We reject the Government’s proposal to levy EU fines on local councils, which we think will prove unworkable and hope will be thrown out when the Bill is debated in the other place. Ministers have talked about reducing burdens on local councils, but they are creating new duties and financial responsibilities at a time when councils are struggling with the challenge of dealing with the Government’s swingeing, front-loaded cuts. Most importantly, we still have serious concerns and objections to their proposals on planning and on homelessness and social housing tenure. As my hon. Friend the Member for Birmingham, Erdington said, the Government have not moved far enough on the duty to co-operate. Worse than that, the additional changes to planning announced in the Budget and Government new clause 15 have created, as my hon. Friend suggested yesterday,

“confusion, chaos and nothing short of a car crash.”—[Official Report, 17 May 2011; Vol. 528, c. 276.]

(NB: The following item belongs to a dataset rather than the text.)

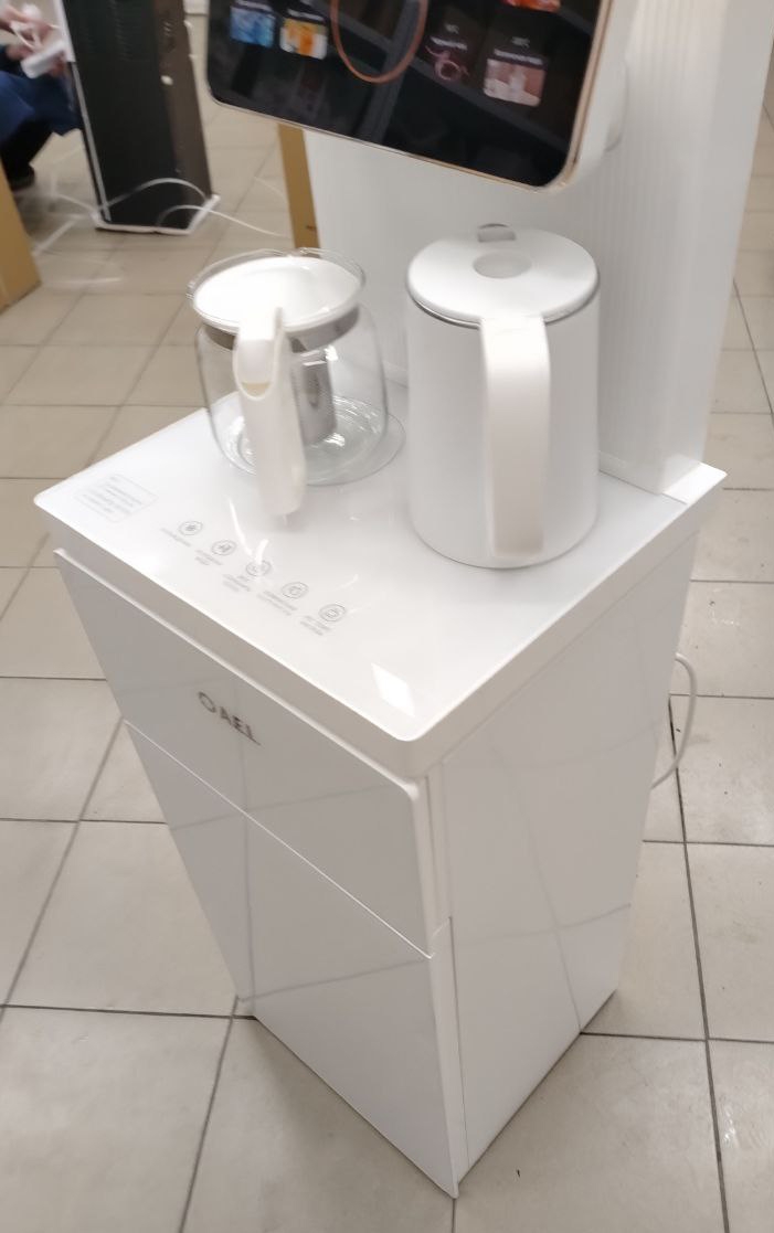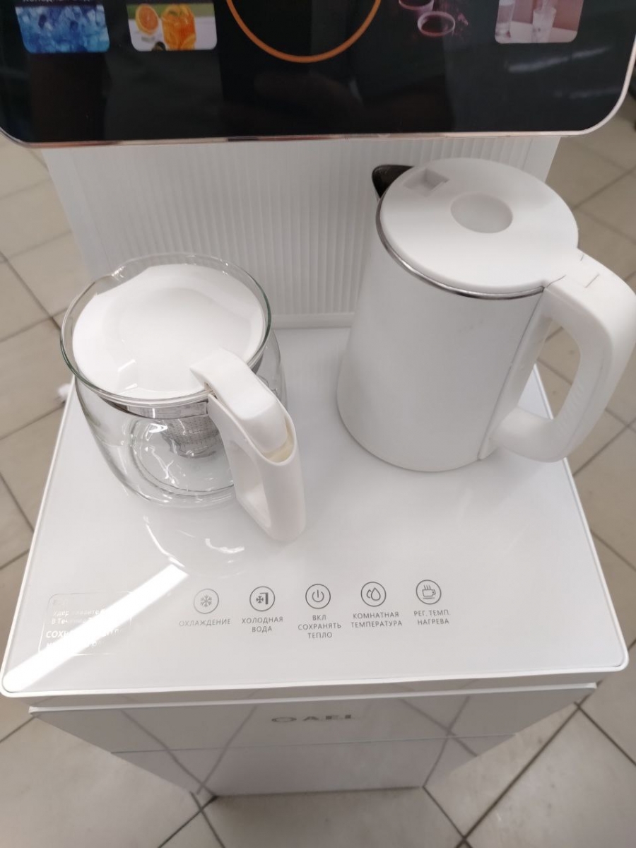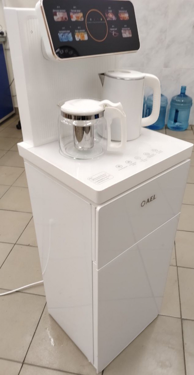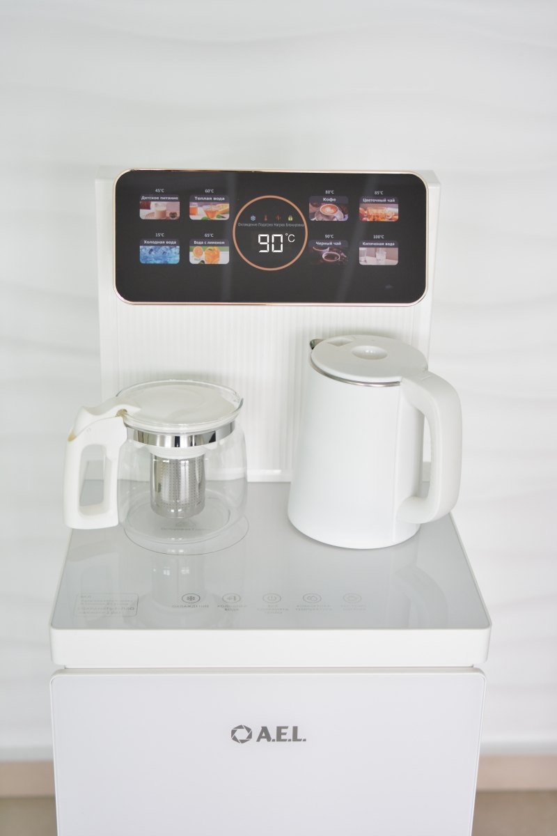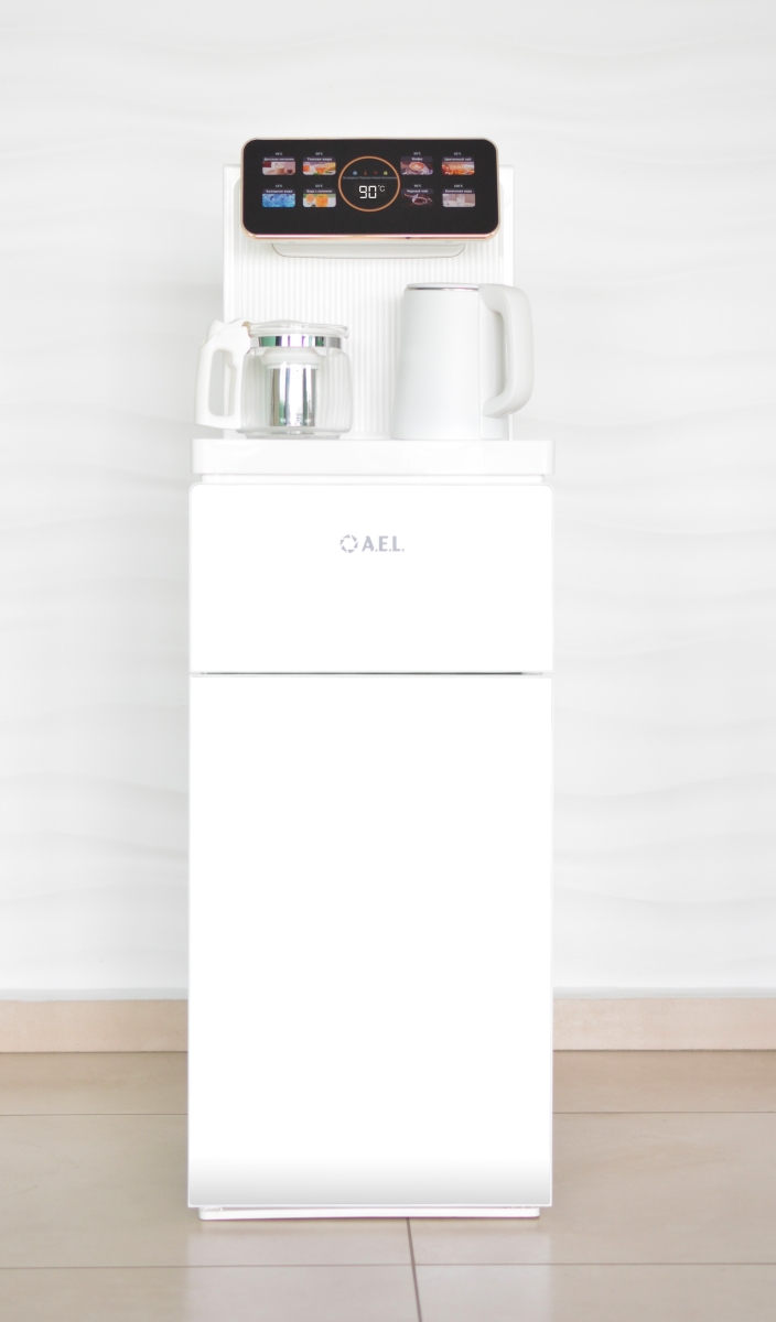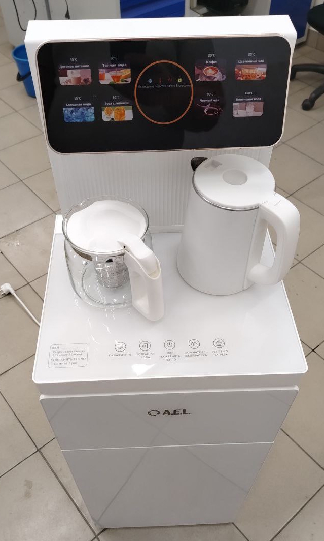 Оригинальное исполнение кулера с нижней загрузкой бутыли и с электронным охлаждением, состоит из заварочного и электрического чайников, сенсорной панели управления и шкафчика для хранения. Яркая световая индикация и информативный дисплей сообщат о текущем режиме и подключении к сети. Цвет белый. Объем чайников 1 литр. Размер в собранном виде 370 x 355 x 1160 мм.

I hope that it is clear to Ministers after yesterday’s debate that there are grave concerns about Government new clause 15, which allows financial matters to be a material consideration in planning applications. This effectively means that planning decisions could be for sale. As my right hon. Friend the Member for Greenwich and Woolwich said, the new clause poses a threat to the integrity of the planning system. The national planning policy framework should have been made available so that it could be part of our consideration. The Minister says that it will be launched for consultation later, but that is not good enough in the context of a Bill that makes such radical changes to the planning system.

The Opposition want to give communities a say over the future of their high streets. I hope that our new clause that proposes bringing in a retail diversity scheme will find favour in the other place after Government Members rejected it yesterday.

Ministers did not listen to our concerns or objections on their proposals on homelessness and tenure reform in social housing, and there was no consensus on these proposals. My hon. Friend the Member for Plymouth, Moor View made it clear that there is much in the Bill’s housing proposals with which we cannot agree, from the Government’s plans to weaken the homelessness duty to their plans to remove security of tenure, which would act as a brake on aspiration and a barrier to employment.

On security of tenure, the Bill will cause instability and insecurity for tenants. We are concerned about the Government taking away the rights of existing tenants. Their proposals to put homeless people straight into the private rented sector could lead to a cycle of evictions and further homelessness. We hope that scrutiny of the Bill in the other place will achieve important changes, including an accreditation scheme for the private rented sector.

In more than 70 hours of debate, we have worked hard to improve the Bill, but much more needs to be changed and revised. A Bill should not be rushed on to the statute book when it was not ready to start with, when it was not subject to adequate consultation and when Ministers have rejected many sensible amendments put forward during this and earlier debates. Therefore, we will vote against the Bill, because we want to send the message that much more change and improvement is needed.